### Task statement
All of the listing should be returned as written, apart from any picture in it.

### Available data
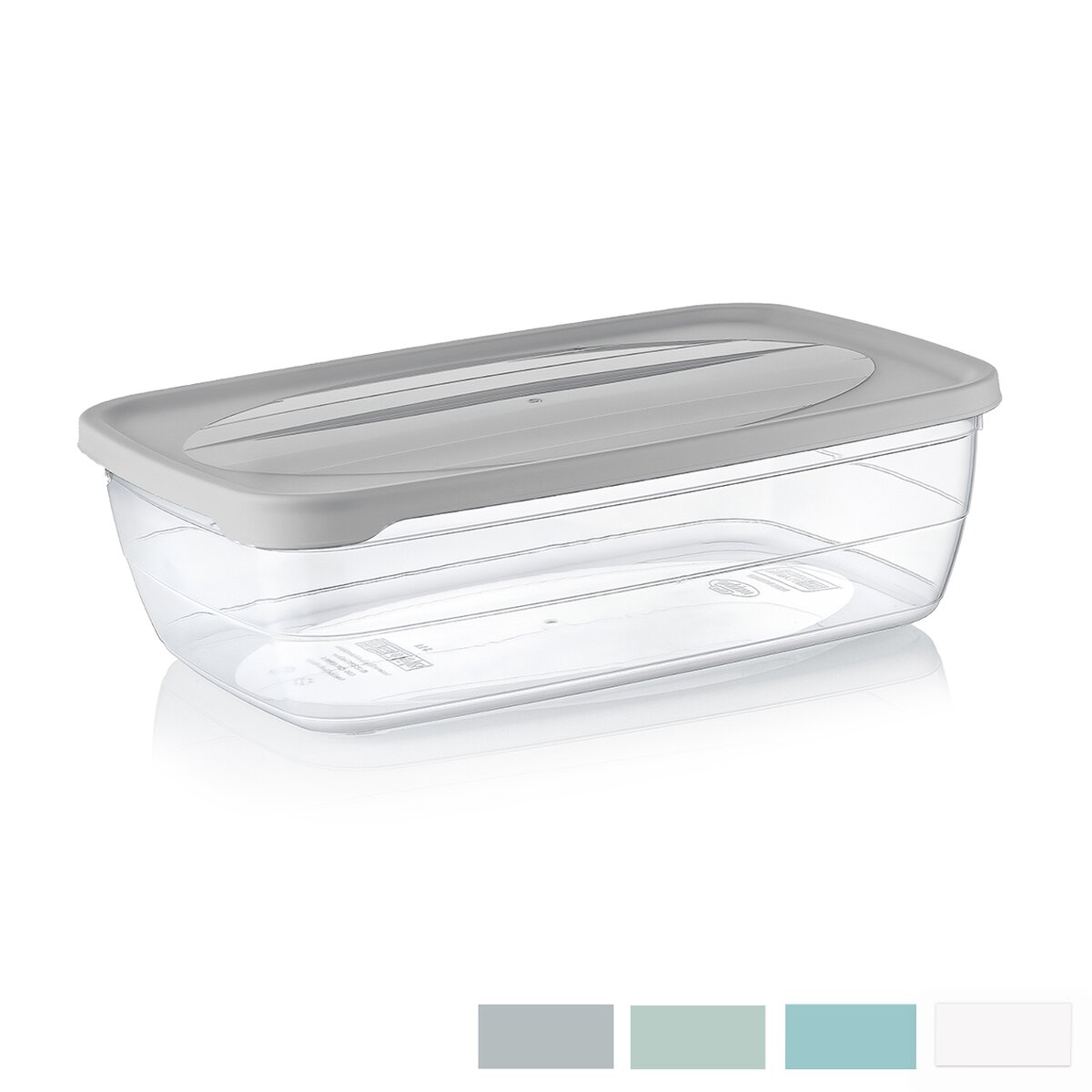 Kód produktu 124653Plastová obdĺžniková dóza TREND s objemom 2 l s farebným viečkom.
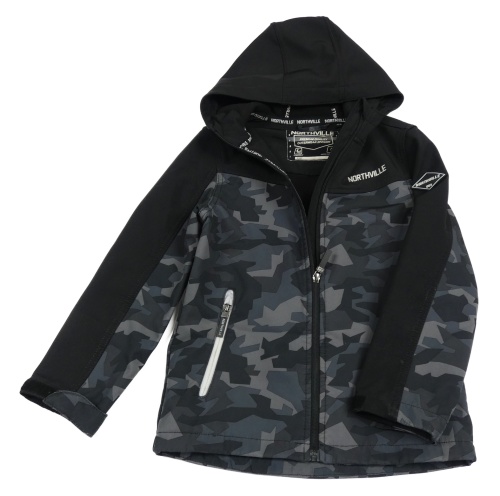Černo-tmavošedá softshellová bunda se vzorem a kapucí C&A
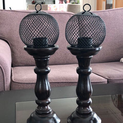 2 Prisme telysestake med krok til å henge. Lengde ca 50 cm.

### Written answer
 Kód produktu 124653Plastová obdĺžniková dóza TREND s objemom 2 l s farebným viečkom.
Černo-tmavošedá softshellová bunda se vzorem a kapucí C&A
 2 Prisme telysestake med krok til å henge. Lengde ca 50 cm.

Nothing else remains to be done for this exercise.